I'm writing a bug database using Google App Engine and I'm running into problems getting unique numbers for the bugs. The bugs each need a unique number so users can reference them easily and the numbers should be simple and as small as possible. "Hey, I fixed bug 27" or "I reopened bug 1867". Bug numbers should also increment so users have a rough sense of what bugs came after which bug.
The App Engine doesn't have true counters like SQL, so I implemented the following function which is basically the code Google recommends, but doesn't work all the time.
I occasionally see duplicate bug numbers. Currently I am the only person using the bug database (Iconically, this bug is in my bug database) and I am not entering bugs faster then one every 5 or 10 seconds (if I type fast).
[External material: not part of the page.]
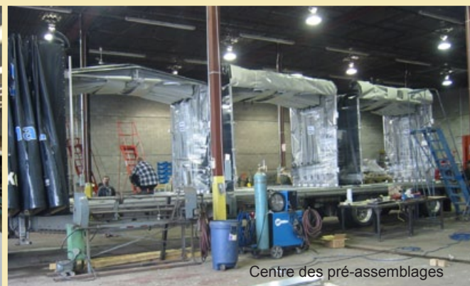
Centre des pré-assemblages
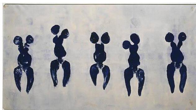
Yves KLEIN , Anthropométrie de l'époque bleue (ANT 82), 1960

Although there will eventually be multiple users who might be entering bugs at the same time.
class SimpleCounterS开发者_Go百科hard(db.Model):
count = db.IntegerProperty(required=True, default=0)
def getNewID():
def txn():
index = random.randint(0, NUM_SHARDS - 1)
shard_name = "shard" + str(index)
counter = SimpleCounterShard.get_by_key_name(shard_name)
if counter is None:
counter = SimpleCounterShard(key_name=shard_name)
counter.count += 1
counter.put()
db.run_in_transaction(txn)
total = 0
for counter in SimpleCounterShard.all():
total += counter.count
return total
What am I doing wrong (or not understanding)? Or is there a better why to get unique numbers that aren't just random like the Key's or ID's seem to be in some cases on the production servers.
Sharded counters will have exactly the same problem - if you can call it that - that the built in autogenerated IDs have: they don't guarantee monotonicity. Sharded counters are designed to allow you to count things, not to allow you to assign numbers to things; as a result, you can't transactionally get the sum of all the shards, and your result is wrong.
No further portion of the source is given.